Refa: convert RAGFlow MCP server from sync to async (#12834)

### What problem does this PR solve? Convert RAGFlow MCP server from sync to async. ### Type of change - [x] Refactoring - [x] Performance Improvement
2026-01-28 06:06:34 +08:00 · 2026-01-27 12:45:43 +08:00
parent f096917eeb
commit c8338dec57
1 changed files with 46 additions and 44 deletions
--- a/mcp/server/server.py
+++ b/mcp/server/server.py
@ -24,7 +24,7 @@ from contextlib import asynccontextmanager
 from functools import wraps

 import click
-import requests
+import httpx
 from starlette.applications import Starlette
 from starlette.middleware import Middleware
 from starlette.responses import JSONResponse, Response
@ -66,19 +66,32 @@ class RAGFlowConnector:
        self.base_url = base_url
        self.version = version
        self.api_url = f"{self.base_url}/api/{self.version}"
+        self._async_client = None

    def bind_api_key(self, api_key: str):
        self.api_key = api_key
-        self.authorization_header = {"Authorization": "{} {}".format("Bearer", self.api_key)}
+        self.authorization_header = {"Authorization": f"Bearer {self.api_key}"}

-    def _post(self, path, json=None, stream=False, files=None):
+    async def _get_client(self):
+        if self._async_client is None:
+            self._async_client = httpx.AsyncClient(timeout=httpx.Timeout(60.0))
+        return self._async_client
+
+    async def close(self):
+        if self._async_client is not None:
+            await self._async_client.aclose()
+            self._async_client = None
+
+    async def _post(self, path, json=None, stream=False, files=None):
        if not self.api_key:
            return None
-        res = requests.post(url=self.api_url + path, json=json, headers=self.authorization_header, stream=stream, files=files)
+        client = await self._get_client()
+        res = await client.post(url=self.api_url + path, json=json, headers=self.authorization_header)
        return res

-    def _get(self, path, params=None, json=None):
-        res = requests.get(url=self.api_url + path, params=params, headers=self.authorization_header, json=json)
+    async def _get(self, path, params=None):
+        client = await self._get_client()
+        res = await client.get(url=self.api_url + path, params=params, headers=self.authorization_header)
        return res

    def _is_cache_valid(self, ts):
@ -116,10 +129,10 @@ class RAGFlowConnector:
        self._document_metadata_cache[dataset_id] = (doc_id_meta_list, self._get_expiry_timestamp())
        self._document_metadata_cache.move_to_end(dataset_id)

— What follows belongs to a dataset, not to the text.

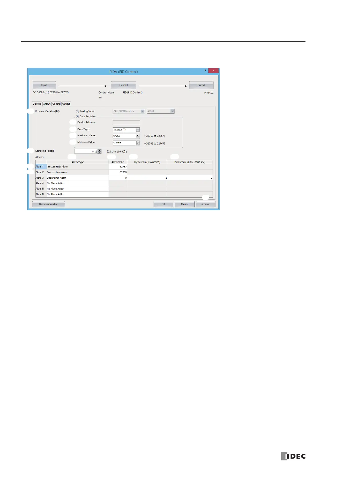 Configure the input for the PID control. The process variable is linearly converted and given to the PID control for the input

-    def list_datasets(self, page: int = 1, page_size: int = 1000, orderby: str = "create_time", desc: bool = True, id: str | None = None, name: str | None = None):
-        res = self._get("/datasets", {"page": page, "page_size": page_size, "orderby": orderby, "desc": desc, "id": id, "name": name})
-        if not res:
-            raise Exception([types.TextContent(type="text", text=res.get("Cannot process this operation."))])
+    async def list_datasets(self, page: int = 1, page_size: int = 1000, orderby: str = "create_time", desc: bool = True, id: str | None = None, name: str | None = None):
+        res = await self._get("/datasets", {"page": page, "page_size": page_size, "orderby": orderby, "desc": desc, "id": id, "name": name})
+        if not res or res.status_code != 200:
+            raise Exception([types.TextContent(type="text", text="Cannot process this operation.")])

        res = res.json()
        if res.get("code") == 0:
@ -130,7 +143,7 @@ class RAGFlowConnector:
            return "\n".join(result_list)
        return ""

-    def retrieval(
+    async def retrieval(
        self,
        dataset_ids,
        document_ids=None,
@ -146,15 +159,15 @@ class RAGFlowConnector:
    ):
        if document_ids is None:
            document_ids = []
-        
+
        # If no dataset_ids provided or empty list, get all available dataset IDs
        if not dataset_ids:
-            dataset_list_str = self.list_datasets()
+            dataset_list_str = await self.list_datasets()
            dataset_ids = []
-            
+
            # Parse the dataset list to extract IDs
            if dataset_list_str:
-                for line in dataset_list_str.strip().split('\n'):
+                for line in dataset_list_str.strip().split("\n"):
                    if line.strip():
                        try:
                            dataset_info = json.loads(line.strip())
@ -162,7 +175,7 @@ class RAGFlowConnector:
                        except (json.JSONDecodeError, KeyError):
                            # Skip malformed lines
                            continue
-        
+
        data_json = {
            "page": page,
            "page_size": page_size,
@ -176,9 +189,9 @@ class RAGFlowConnector:
            "document_ids": document_ids,
        }
        # Send a POST request to the backend service (using requests library as an example, actual implementation may vary)
-        res = self._post("/retrieval", json=data_json)
-        if not res:
-            raise Exception([types.TextContent(type="text", text=res.get("Cannot process this operation."))])
+        res = await self._post("/retrieval", json=data_json)
+        if not res or res.status_code != 200:
+            raise Exception([types.TextContent(type="text", text="Cannot process this operation.")])

        res = res.json()
        if res.get("code") == 0:
@ -186,7 +199,7 @@ class RAGFlowConnector:
            chunks = []

            # Cache document metadata and dataset information
-            document_cache, dataset_cache = self._get_document_metadata_cache(dataset_ids, force_refresh=force_refresh)
+            document_cache, dataset_cache = await self._get_document_metadata_cache(dataset_ids, force_refresh=force_refresh)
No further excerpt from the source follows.